The pattern of classification of the three clinical H. capsulatum isolates tested herein was found to be highly comparable to that of the RFLP-based classification. It is noteworthy that the clinical H. capsulatum strains were novel and had not previously been classified by any genetic method or fatty acid profiling. The latter approach that we describe in this work put UWclin01 into a broad cluster that grouped heterogeneous H. capsulatum var. capsulatum strains of RFLP class I. The UWclin02 strain was grouped within the H. capsulatum var. capsulatum RFLP class III cluster, and the UWclin03 strain was placed along with all strains of H. capsulatum var. duboisii (Fig. 3). The same strain-typing results were obtained by RFLP profiling after genomic DNA digestion with HindIII (data not shown).
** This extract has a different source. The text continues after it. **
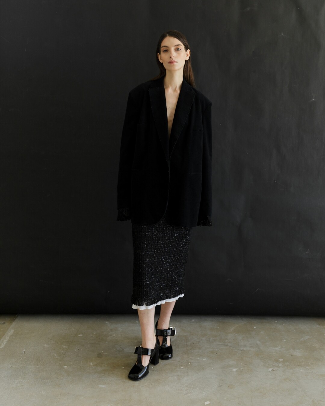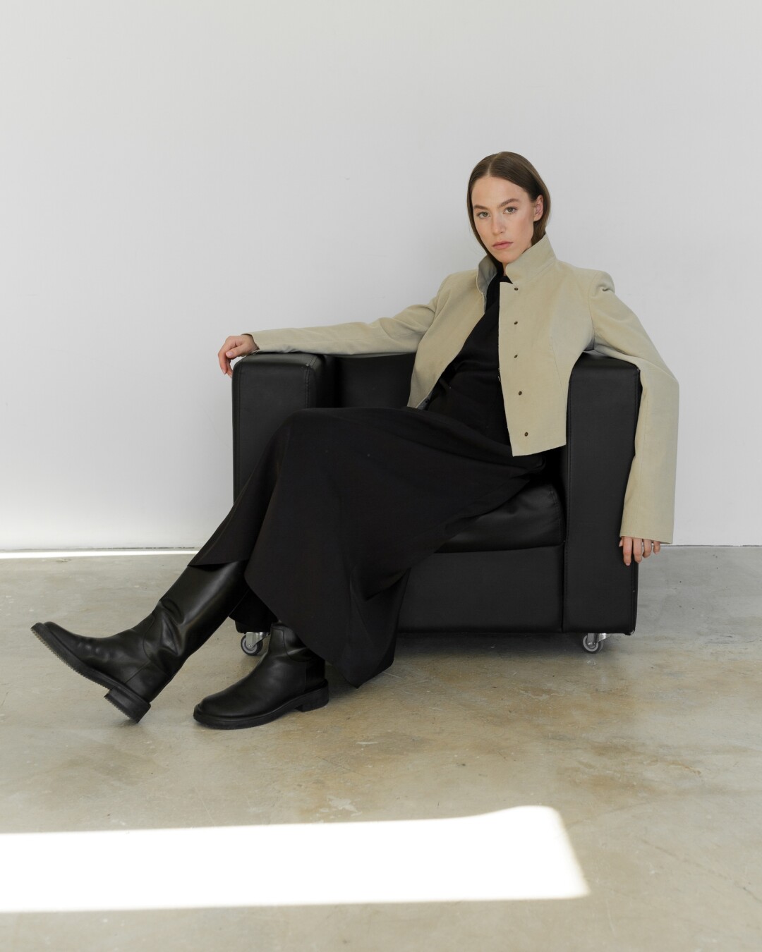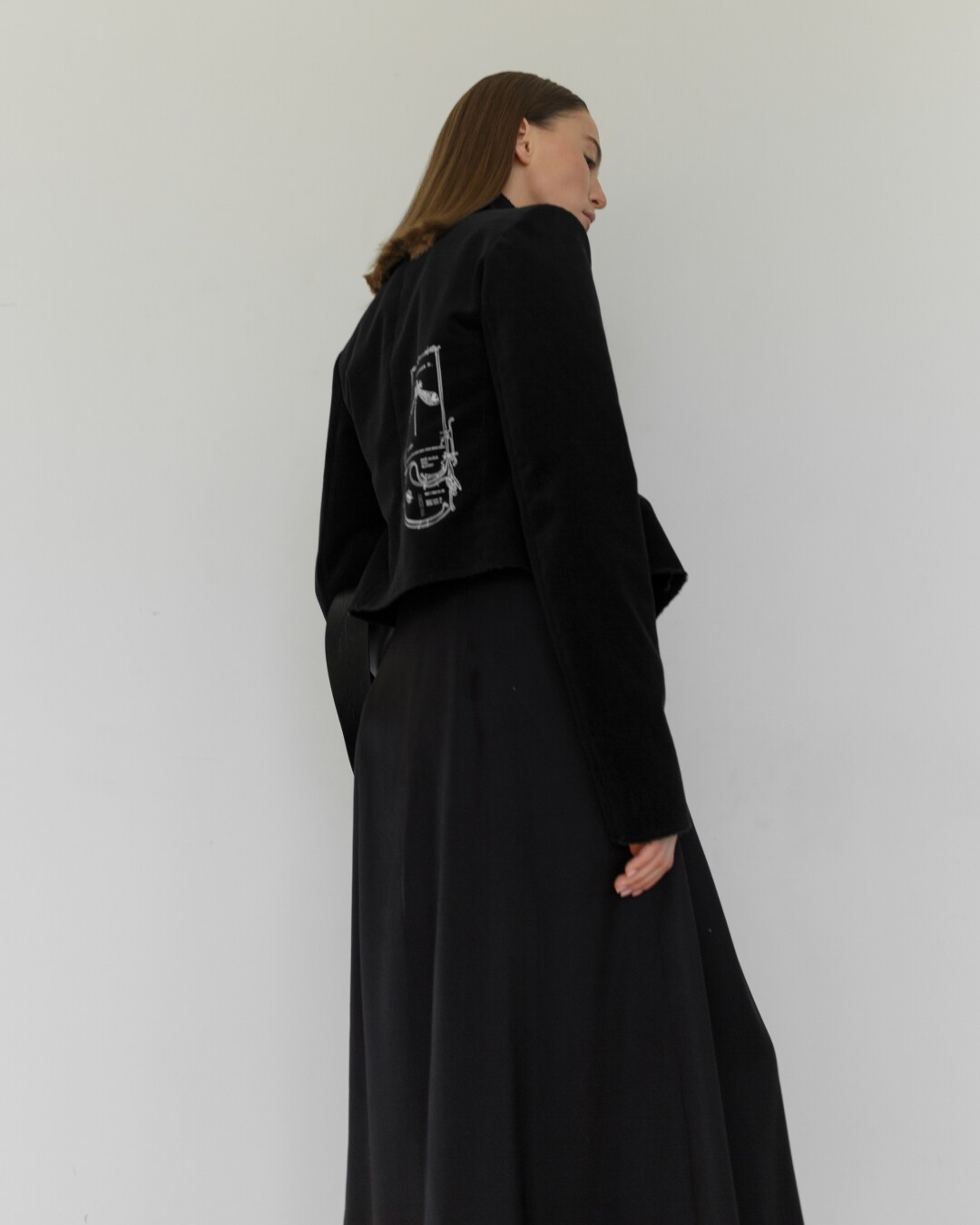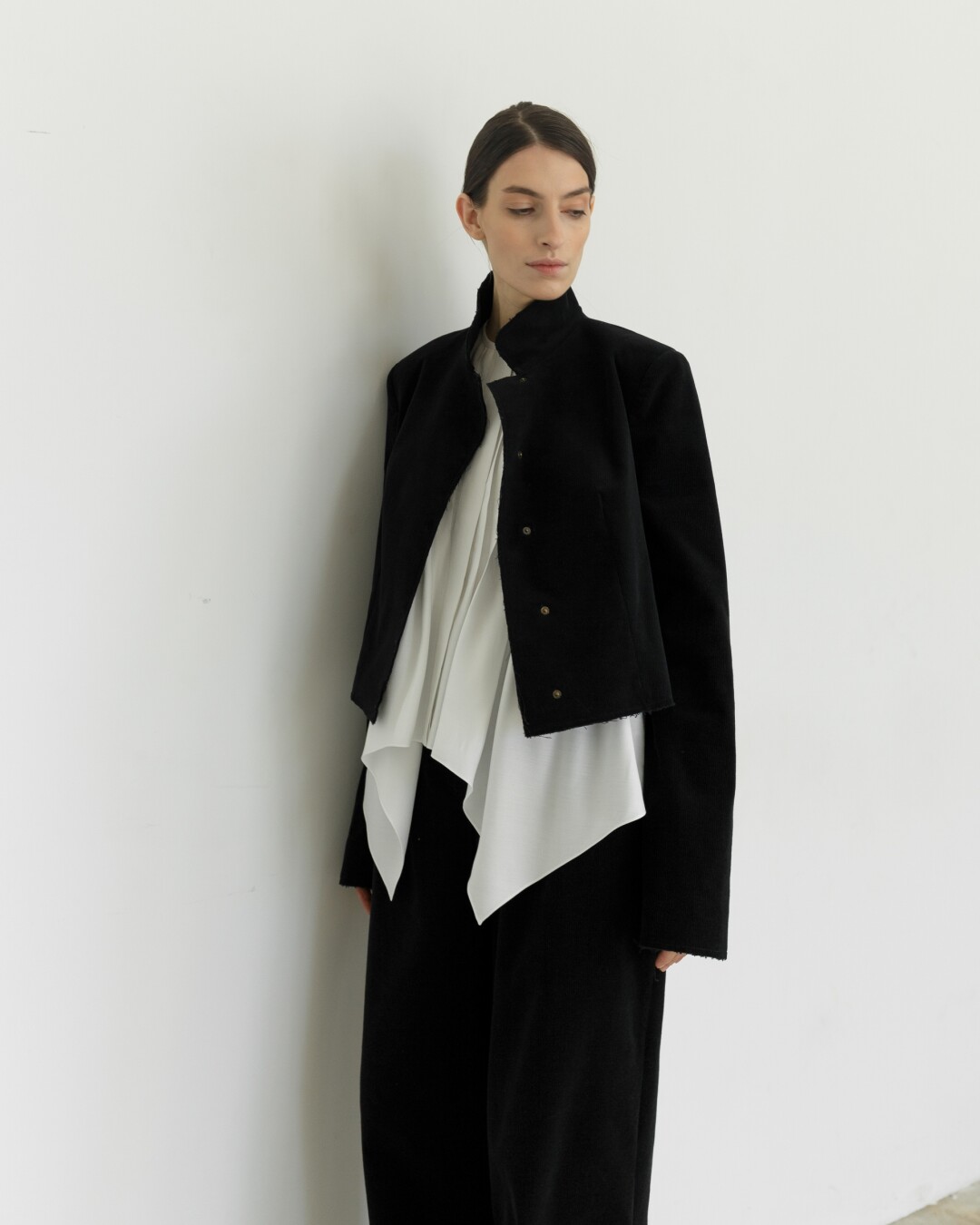 Коллекция получила название в честь своего вдохновителя — RENÉ LALIQUE. За основу дизайнер Екатерина Кибовская взяла стремление ювелира к непривычным сочетаниям. Так в вещах соединились итальянский вельвет, который раскрывает глубину своих цветов при разном освещении, деликатно сияющая вискоза и твид с мерцающей нитью. На ткани нанесены принты в виде билетов с ажурной графикой. Их графика вторит формам ар нуво, в центре каждого — стилизованные изображения ювелирных произведений Лалика. Еще один реверанс творчеству ювелира — гофре, складки и фактурные швы.

Influence of prolonged culture growth on the fatty acid composition

As the differences observed in fatty acid patterns might have been the result of differences in culture and/or metabolism of the fungi at the time of harvest, we examined fatty acids isolated from cells of six selected fungal strains (Downs, UCLA 531S, G217B, G222B, G186AS, RV26821S) after 3, 4 and 5 days consecutive growth in HMM (data not shown). These time points roughly correspond to early exponential, exponential and stationary growth phases of the G217B strain. The variability in fatty acid patterns was mainly observed in young cultures, whereas cells in the exponential and stationary growth phases had highly comparable profiles (data not shown). The high stability in fatty acid patterns is probably due to an appropriately chosen culture medium. As HMM is a rich medium, fungi grown in this medium do not quickly face nutrient exhaustion. Based on these observations, we assume that the recommended incubation time for fatty acid profiling should be standardized to a minimum of 4 days of culture growth.

Discussion

Fatty acid profiling has been widely used in the identification of micro-organisms. Taxa are distinguishable by the fatty acids produced and their relative ratios. In comparison with bacteria, the spectrum of fatty acids produced by fungi is more limited, e.g. yeasts mainly produce fatty acids with 16 and 18 carbon atoms. For that reason, fungal fatty acids have been considered to have very little value in taxonomic studies of this group of organisms. Regardless of such simplicity in fatty acid patterns, this method has gained recognition as being suitable for the reliable identification of clinically and industrially important species. Indeed, many reports have shown that fatty acids can be successfully used to identify and delineate yeasts and yeast-like fungi at different taxonomical levels (Westhuizen et al., 1987; Brondz et al., 1989; Stahl & Klug, 1996; Kellogg et al., 1998; El Menyawi et al., 2000; Peltroche-Llacsahuanga et al., 2000). Many of these studies employed the automated Microbial Identification System (MIS; MIDI, Inc.), which is equipped with a database for the identification of certain micro-organisms. However, this system also has many limitations. A major drawback still is its inability to discriminate between various fungal species. Another important disadvantage of MIS is the fact that many clinically relevant species, such as dimorphic fungal pathogens, are not included in the databases.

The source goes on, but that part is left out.